I ran a seminar session this week based on Ken Friedman’s well known Design Studies article of 2003 – Theory construction in design research: criteria: approaches, and methods. In this article Friedman points out that theory in design has been limited to domain specific iterations. Architectural theory, graphic design theory, film theory etc. exercise intellectual endeavour to carve out a theoretical academic space of their own. In a world where, as Friedman puts it, ‘the increasing number of areas that are now subject to human initiative’ means that limiting design research and its associated theoretical activity to siloed domains is no longer sufficient or practical. There is a need for theory able to account for design as a global integrative activity taking in services, sustainability, communication, urban environments and all the other many forms of design activity.

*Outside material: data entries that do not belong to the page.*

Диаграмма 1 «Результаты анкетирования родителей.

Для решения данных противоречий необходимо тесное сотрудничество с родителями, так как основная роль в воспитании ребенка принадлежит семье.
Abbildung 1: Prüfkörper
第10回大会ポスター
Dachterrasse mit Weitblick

This reading of theory in design depends on Herbert Simon’s famous definition of design as ‘the process by which we [devise] courses of action aimed at changing existing situations into preferred ones.’ This is the so-called design science perspective, one that places certain limits on design activity. Design is seen as solving problems, integrating disciplines towards a goal-directed end, improving situations, and creating new useful things. It strikes me that this not all that design does. There is an expressive, critical, innovative, or inventive aspect to design not covered by this definition. I’ve been thinking about this in terms of Massimo Vignelli’s New York Subway map on one hand and Milton Glaser’s I♥NY on the other. The first is highly functional, intended to facilitate urban navigation on a mass scale. The second is intended to elicit emotional response, cause delight, tickle the pleasure centre. If design can be both things at once, how then is the design science position justifiable without tying oneself in rhetorical knots defining emotional functions or the like? The weakness of design science as a basis and justification for theory in design is that it admits only the definition of design as solving problems. Is there any need for theory then if design is defined in a different way?

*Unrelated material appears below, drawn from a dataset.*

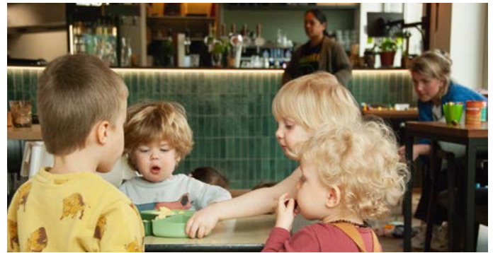
Koffie drinken bij BUUR West voor jong en oud.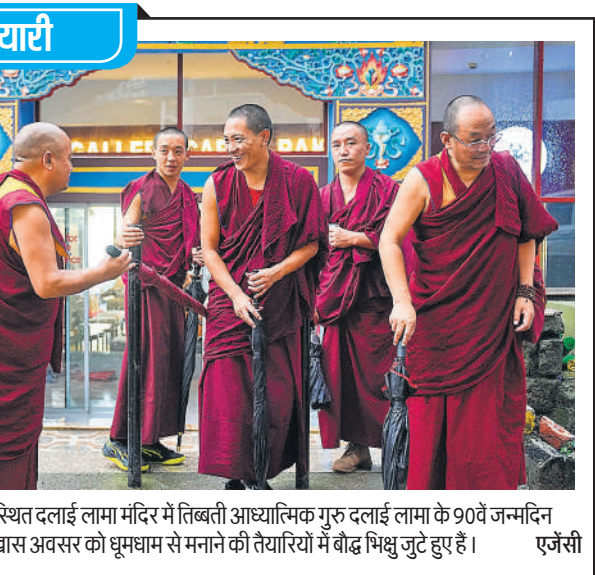
धर्मशाला : कामाड़ा जिले के मैक्लोडगंज स्थित दलाई लामा मंदिर में तिब्बती आध्यात्मिक गुरु दलाई लामा के 90वें जन्मदिन समारोह की तैयारियां जारी पर हैं। इस खास अवसर को धूमधाम से मनाने की तैयारियों में बौद्ध भिक्षु उठे हुए हैं।

An alternative theory of design is found in Concept-Knowledge (C-K) theory which seems to take account of two key limitations of the design science approach. Firstly, it allows for more a formalised definition of design activity independent of specific domains. It is true that Simon’s definition does this as well, but design science remains definitively goal-directed. Secondly C-K theory includes invention and creativity along with the more identifiable aspects of design process and may be more adaptable to the expressive and and critical environment for design I find myself working in. C-K theory is relatively new to me but I believe merits closer attention.

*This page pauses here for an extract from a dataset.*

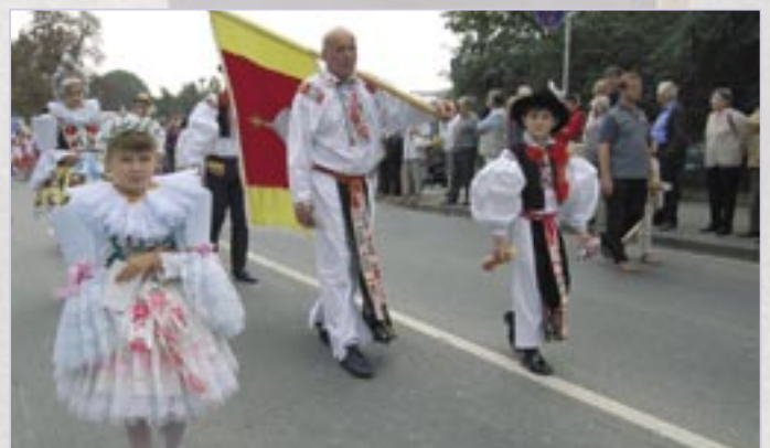
Blatnice pod Svatým Antonínem

A more powerful rationale for theory in design is presented by Friedman however. ‘Developing a comprehensive background through practice takes many years. In contrast, a solid foundation of design knowledge anchored in broad research traditions gives each practitioner the access to the cumulative results of many other minds and the overall experience of a far larger field’. Theory operates on a higher level than the specific and can be deployed in different situations. Theory is scaleable at industrial measures and reproducible across cultures.
Another facet of how theory in design has evolved is its troubled relationship with practice. Friedman suggests ‘The misguided effort to link the reflective practice of design to design knowledge, and the misguided effort to propose tacit knowledge or direct making as a method of theory construction must inevitably be dead ends.’ In design education and particularly as a practice-based research student we are given much conflicting advice about practice. The idea that practice can never directly lead to theory construction but must always be diverted through research seems correct to me. There is then some implication for how research is defined and assessed. Practice-based research is a problematic area at doctoral level and there are few institutions capable of conceiving of a robust model. Luckily the RCA has been at the forefront of the practice-based tradition in design research for some 20 years.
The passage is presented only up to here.